When my partner, Jake, returned home from work that evening, he burst into the room, exclaiming, “I can’t wait for the show tonight, champ!” I shot him a concerned glance and pulled him aside, explaining that bringing up the concert might not be wise. “Doesn’t he know our son has been stressing about this for weeks?” I thought. But Jake had no idea—our son hadn’t shared his anxieties with him at all. It wasn’t due to a lack of closeness; my partner is incredibly loving and open. Yet, for some reason, my sons choose to confide in me about their deeper struggles.

I’m mostly okay with this dynamic. My children trust me, and since they were little, they’ve been open about their fears, dreams, and everything in between. While many kids don’t share their innermost feelings with their parents, I’m fortunate to provide a safe haven for them.

However, this gift can feel like a heavy burden. Countless sleepless nights have been spent worrying about my children’s emotional landscapes. I know Jake has his own concerns, but he’s not the one replaying late-night confessions that our kids have shared with me.

I’m aware that I’m not alone in this “emotional labor”—a term that many people use to describe the invisible work often shouldered by mothers. It feels like, amidst juggling family schedules, enforcing chores, cooking, and planning, we also take on the role of family therapist, which can be overwhelmingly taxing.

We don’t just absorb our kids’ emotions; we also guide them through various life decisions that become increasingly complex as they grow up. Though our children are independent in their lives, we still carry the weight of their choices and their potential consequences.

I recognize that this is part of parenting, and I wouldn’t change it for the world. Yet, I often wish this emotional load was shared more evenly. Jake is willing to help with the emotional aspects, especially after I pointed out the imbalance, but somehow, the role of “family counselor” has fallen squarely on my shoulders. Given that my kids have established this pattern of sharing with me, I doubt this will change anytime soon.

Perhaps, instead of stepping back from my “family therapist” role, I should delegate some of the other invisible tasks I manage. But those responsibilities are deeply ingrained as well. It’s a lot to handle.

While I adore my children and cherish their willingness to open their hearts to me, I need to acknowledge how challenging this can be. The responsibility of managing their emotions can feel overwhelming, and at times, I worry I might burst under the weight of it all. If you find yourself in a similar situation, know that you’re not alone. It’s perfectly acceptable to love our children while also admitting, “This is hard, and I need a break.”

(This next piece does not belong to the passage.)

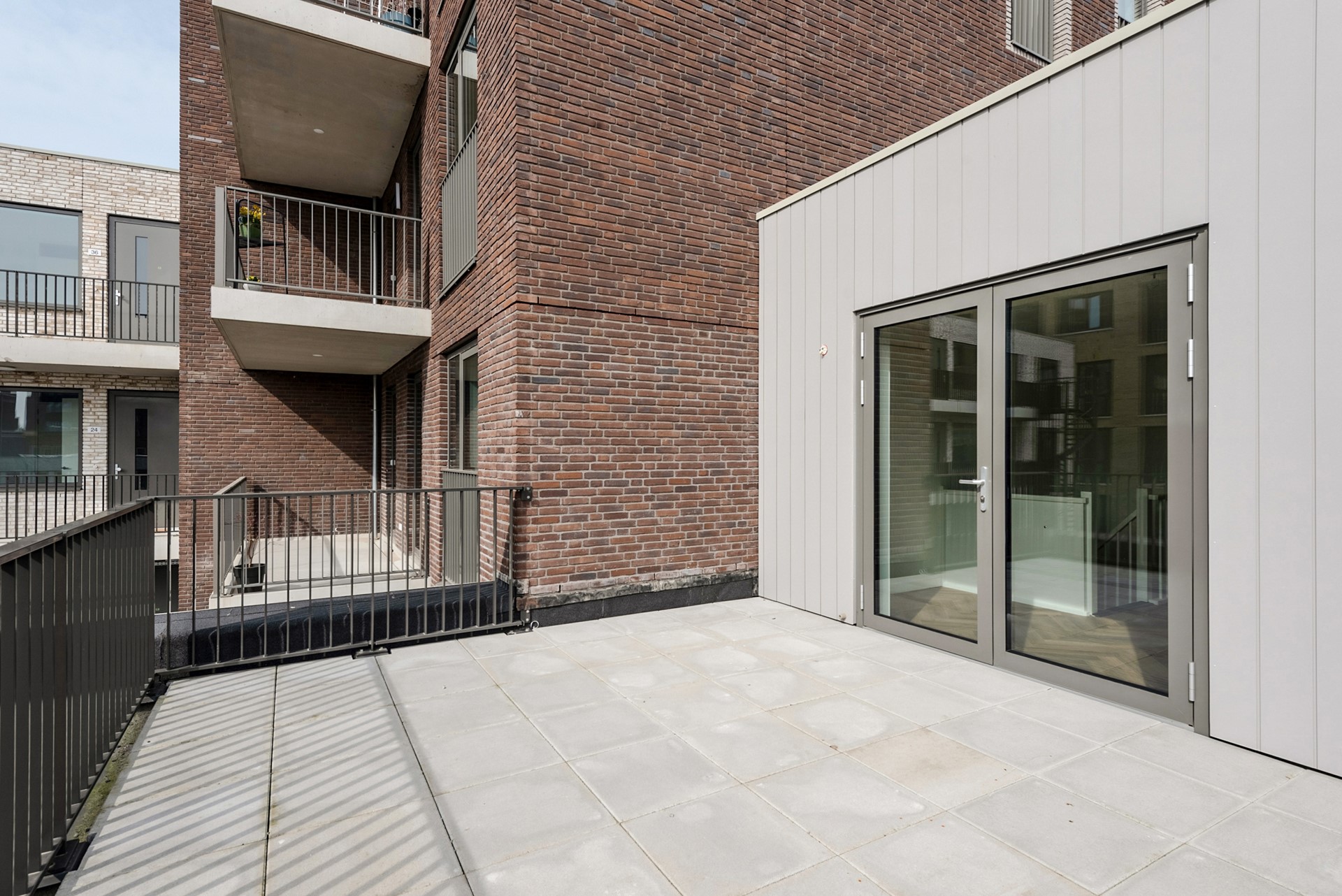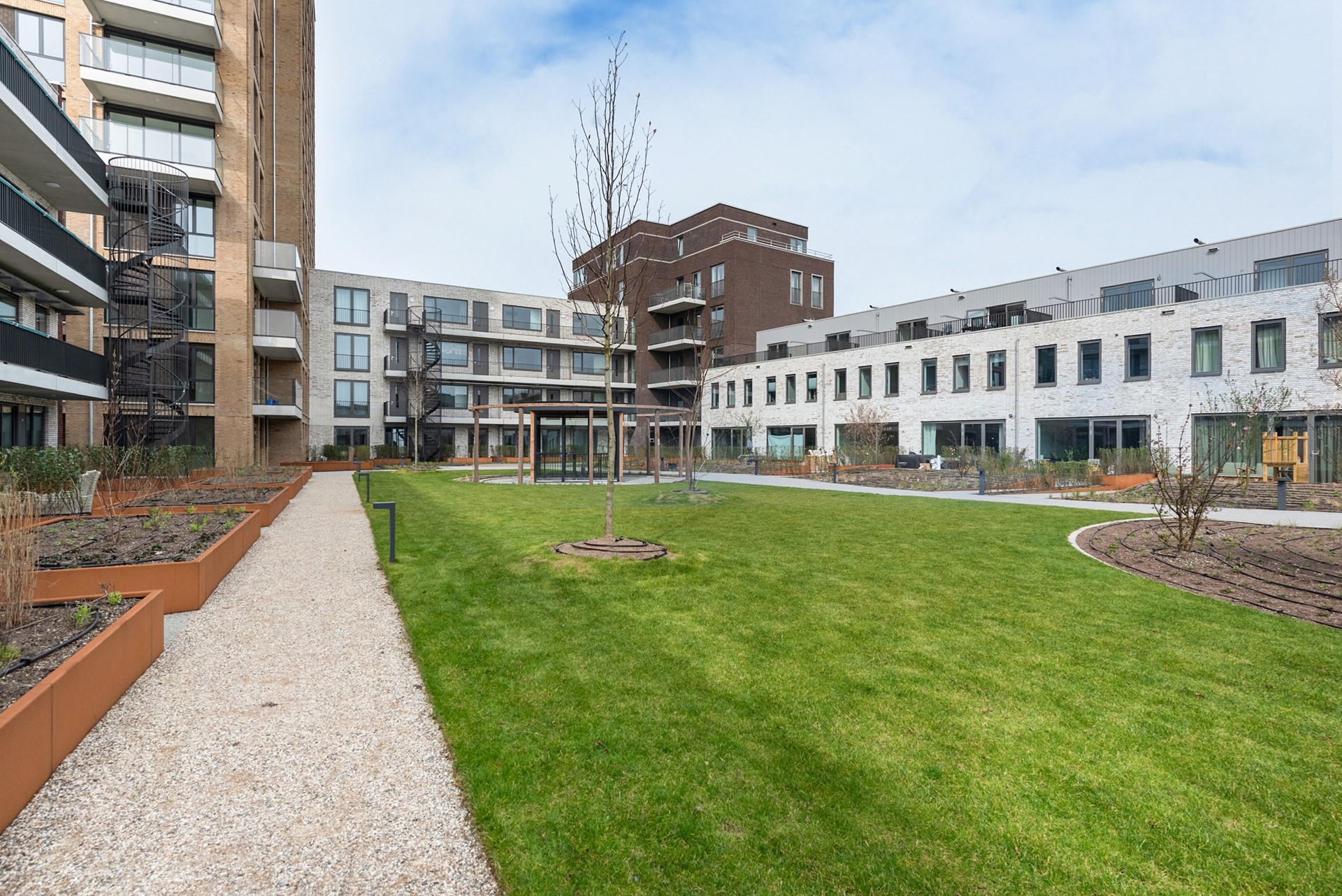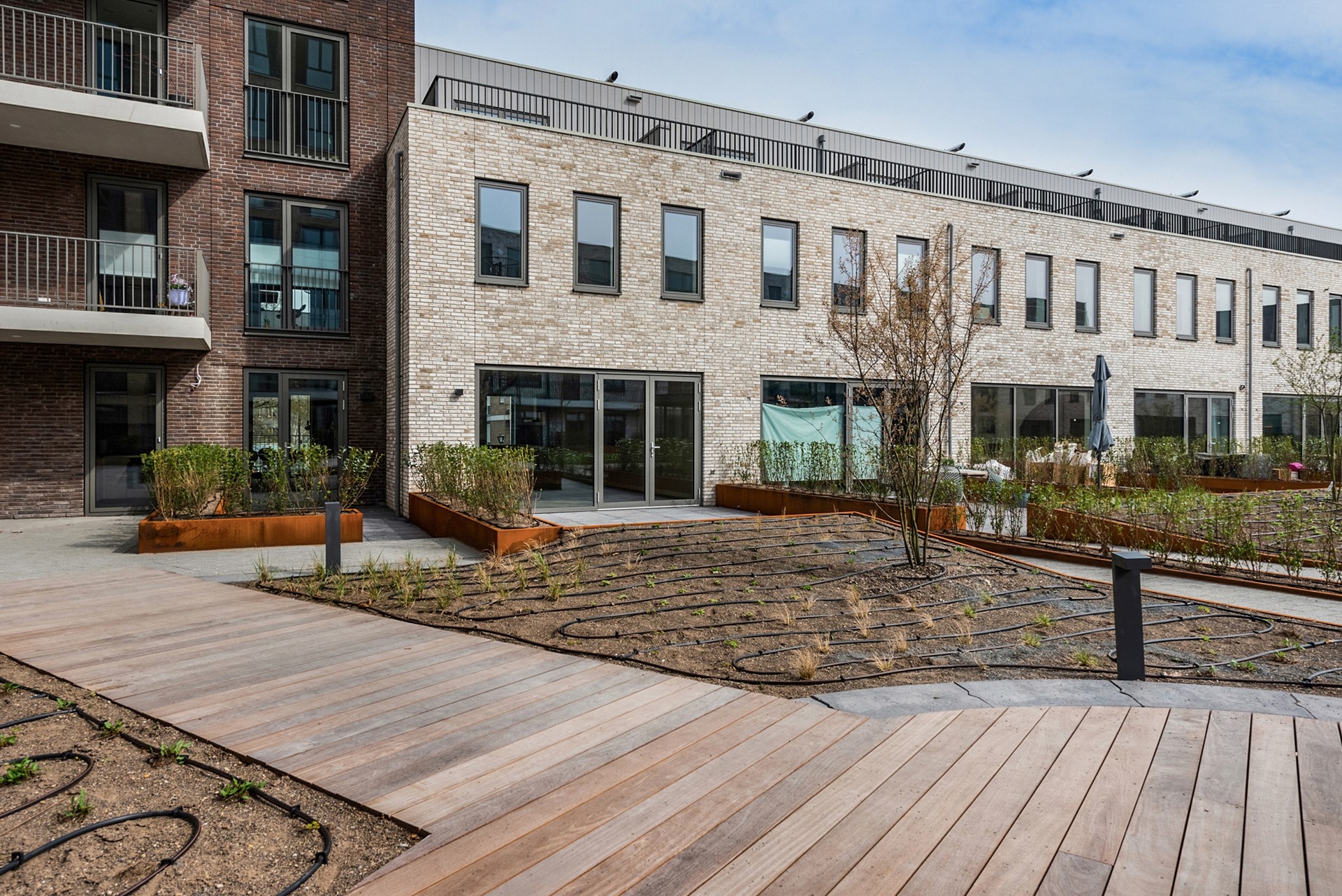 Vanuit de woonkamer heb je direct toegang tot de zonnige tuin. De tuinen van dit project komen samen in een groene, gezamenlijke binnenplaats, wat zorgt voor een ruimtelijk en speels geheel.

Maybe what we really need is our own family counselor—someone who sits with us in the dark, listens to our worries, brushes our hair aside, reassures us that everything will be alright, and helps us drift off to sleep peacefully. Wouldn’t that be wonderful?

Summary

The emotional labor of being the “family therapist” often falls on mothers, who manage their children’s fears and feelings while juggling other responsibilities. The author expresses the burden of this role and the desire for shared emotional labor within the family. It’s vital to recognize the challenges that come with this responsibility and to find ways to lighten the load.